Дождь в полынной пустоши
Шрифт:
Кроме Лисэль аф Кирх в комнате находились по крайней мере еще двое. Колин пересчитал их ломкие бегучие тени на занавесях. Возможно был еще кто-то, ему не видимый и не слышимый, но унгриец в этом справедливо сомневался. Женщины собираются не молчать за компанию, а тесно и содержательно общаться. Если и оставался кто-то вне его виденья, любопытствовать не стал. Лишнее.
– В последнее время у нее совершенно испортился характер, - у незнакомки милый мягкий голос, какой бывает у тех, кто со всеми в мире и не союзник
– А чему удивляться? Сати нужен тот, кто принесет корону, а не жеребчик бле* и не твердолобый барончик из Анхальта, которых ей попеременно пророчат, - растолковала камер-юнгфер товарке.
– С жеребчиком ты загнула, а в основном права.
Унгрийцу веселость женщин от части понятна. В кого втыкать иглы как не в потомков Адама?
– Жаль с Ратгардом не сладилось.
– Было бы о чем жалеть? Поговаривают Длинноухому будет затруднительно погашать супружеский долг, - избегала Лисэль прямых обвинений и оговоров. Меньше места для фантазий.
– Не платежеспособен?
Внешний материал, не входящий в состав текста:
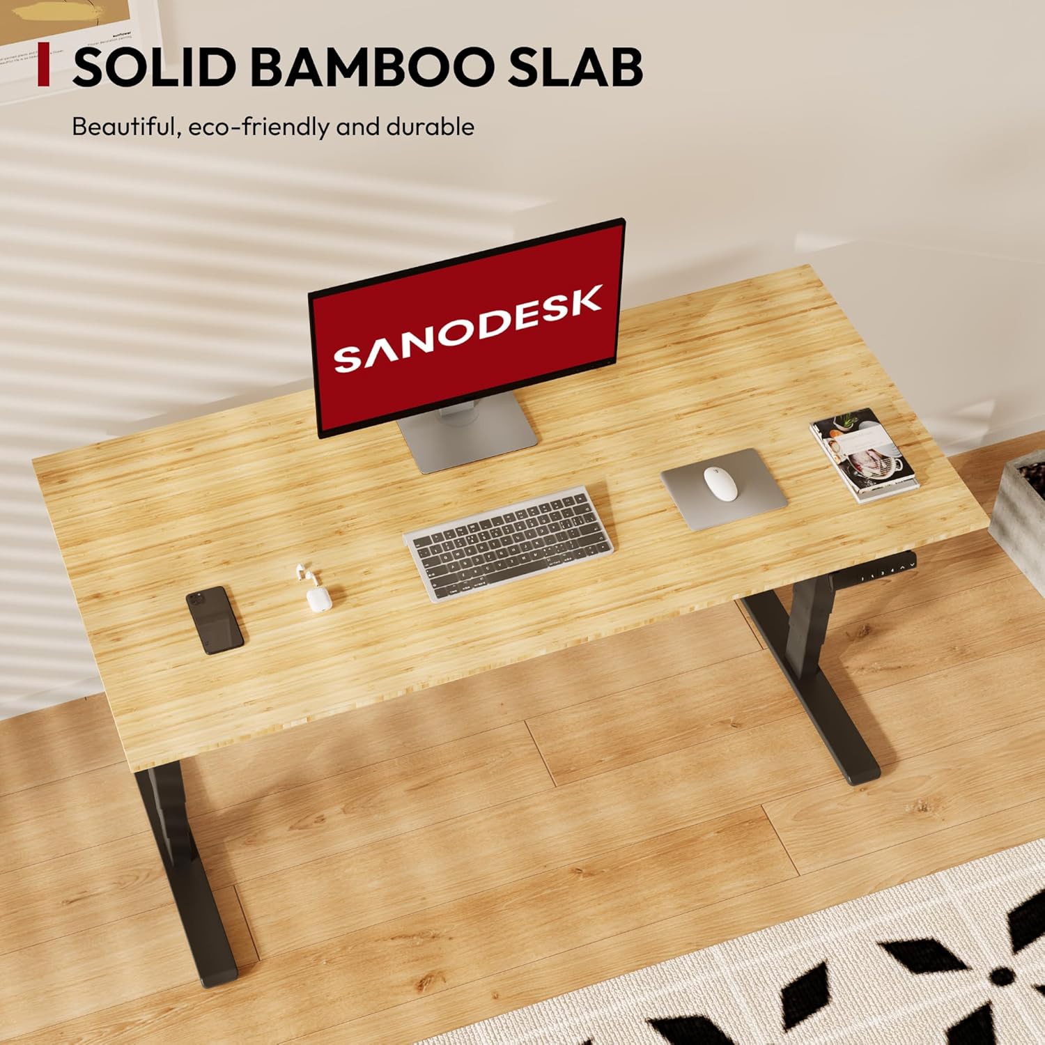 Standing Desk with Dual Motor, 3-Stage Lifting Column, Handset with 3 Preset and Sit-Stand Reminder - 60 inch Whole Piece Real Bamboo/Black Frame, Height Adjustable Desk for Home and Office

Уже?
– довольно мурлычет незнакомка.
Постараться, можно представить искорки пробегающие волнами по чудесной шерстке. Колин представил. Самому сделалось смешно.
– Слишком со многими расплачиваться.
– Мог бы и уступить. По дружбе.
– Кредиторы не согласятся. Я бы не согласилась, - за себя камер-юнгфер всегда отвечает твердо. Неплохо, хоть в чем-то не терзаться сомнениями.
По злободневней тем нет?
– поскучнел Колин.
Как оказалось, нет. Или поднятая полностью не исчерпана.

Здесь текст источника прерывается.